Input Specification:

Each input file contains one test case. For each case, The first line contains three positive numbers: N (≤105), the total number of the members in the supply chain (and hence they are numbered from 0 to N−1); P, the price given by the root supplier; and r, the percentage rate of price increment for each distributor or retailer.
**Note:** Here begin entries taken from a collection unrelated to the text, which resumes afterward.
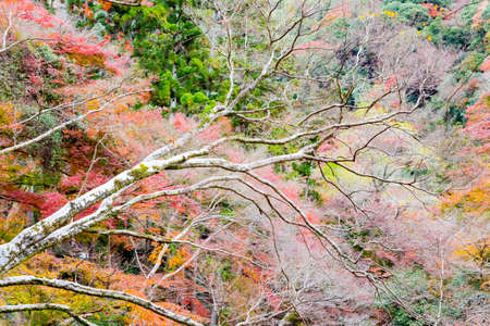 Autumn foliage colorful trees on Arashiyama mountain footpath to access to the peak viewpoint in Kyoto, Japan. Here is very famous during fall season.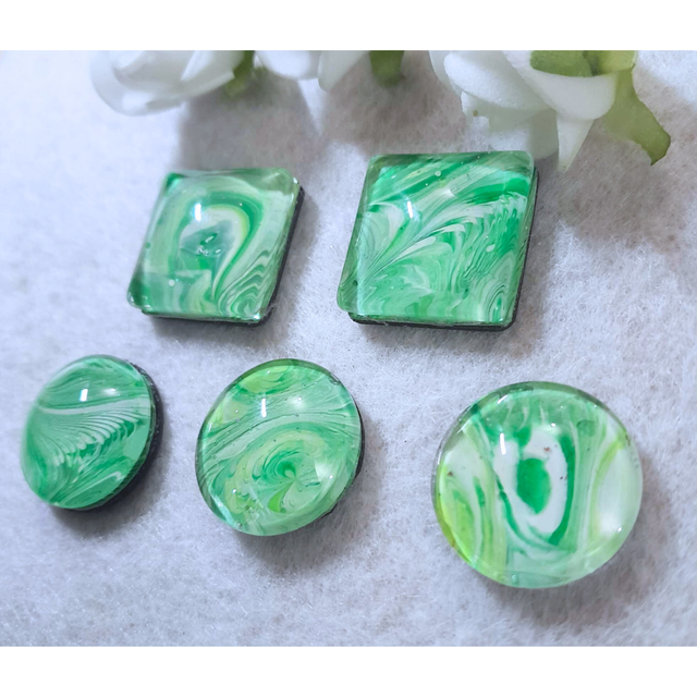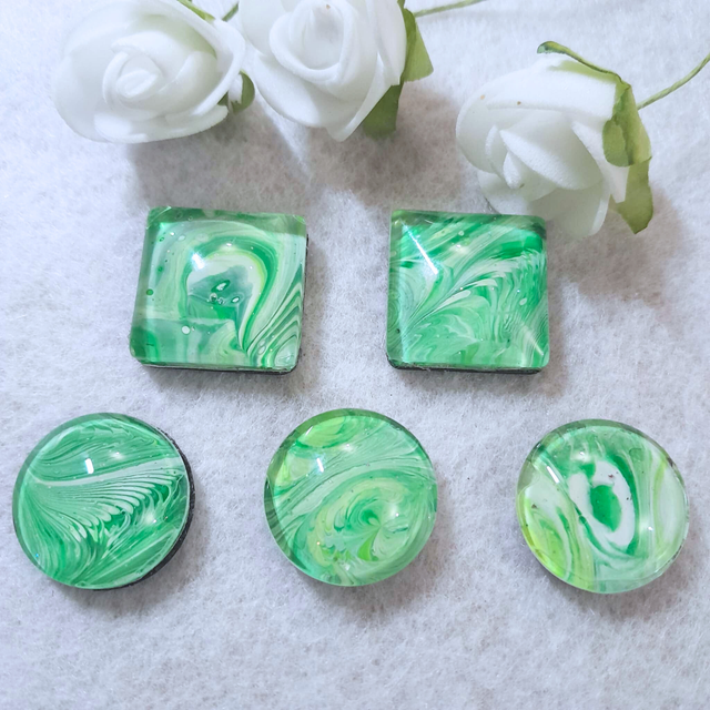 JARDIN SECRET - Magnets - Cabochons variés - Vert et blanc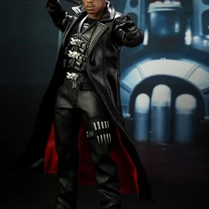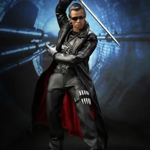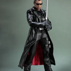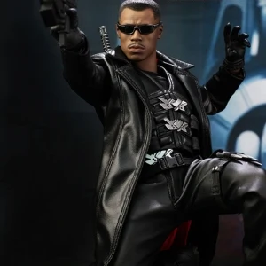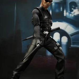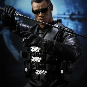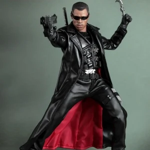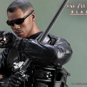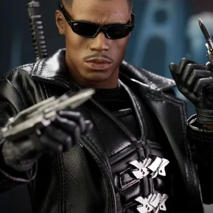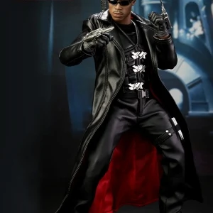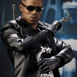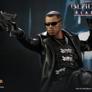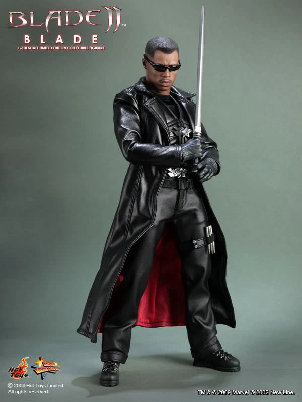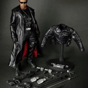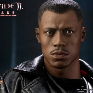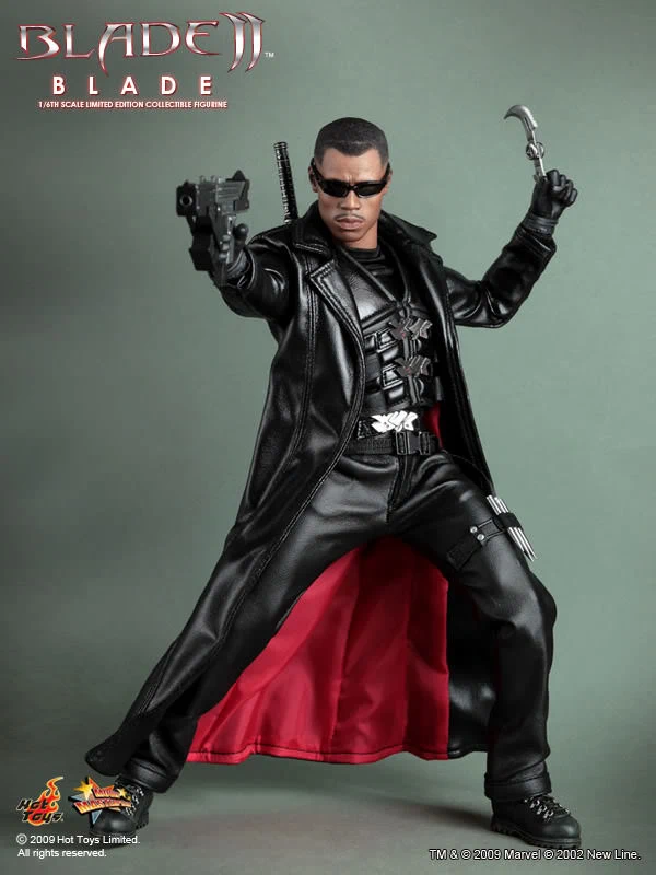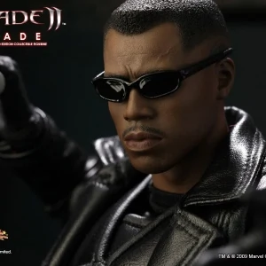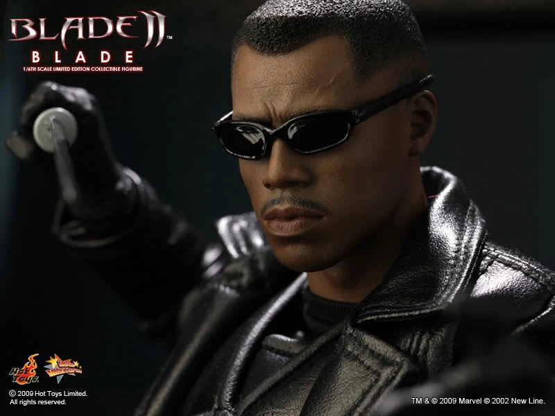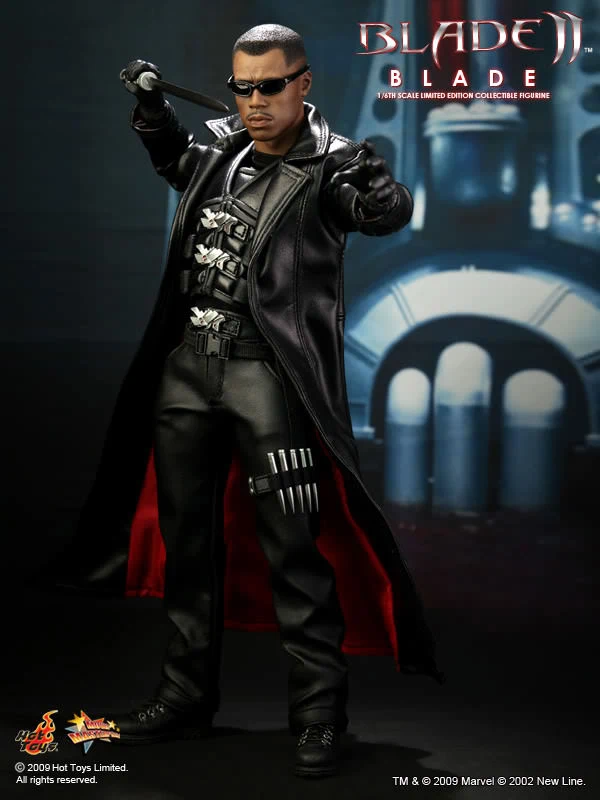 Accessories : Lifelike head sculpt with Blade’s signature tattoos at back, Authentic Likeness of Wesley Snipes, Sunglasses, Shoulder Holster, Two (2) foldable glaives, Two (2) extendable hand armors, Sword with scabbard, Interchangeable sword handle with blades, Five (5) stakes, Two (2) UV Bombs, Machine Gun, Two (2) Handguns, Four (4) sets of interchangeable gloved hands, Figure stand with Blade II movie logo and Blade nameplate

Then the next line contains N numbers, each number Si​ is the index of the supplier for the i-th member. Sroot​ for the root supplier is defined to be −1. All the numbers in a line are separated by a space.

Output Specification:

For each test case, print in one line the highest price we can expect from some retailers, accurate up to 2 decimal places, and the number of retailers that sell at the highest price. There must be one space between the two numbers. It is guaranteed that the price will not exceed 1010.

Sample Input:

9 1.80 1.00
1 5 4 4 -1 4 5 3 6

Sample Output:

1.85 2

The question ：

         supplier （ The root node ） And dealers （ Child nodes of non leaf nodes ） And retailers （ leaf node ）, Form a supply chain , This supply chain is a tree , Every time we pass through a dealer and retailer, the price will rise r%, Give the number of nodes , The original price , And the percentage of price increase , The following line gives the dealer or supplier of each node （ The parent node ）, Ask the retailer to sell at the maximum price , There are several such prices ？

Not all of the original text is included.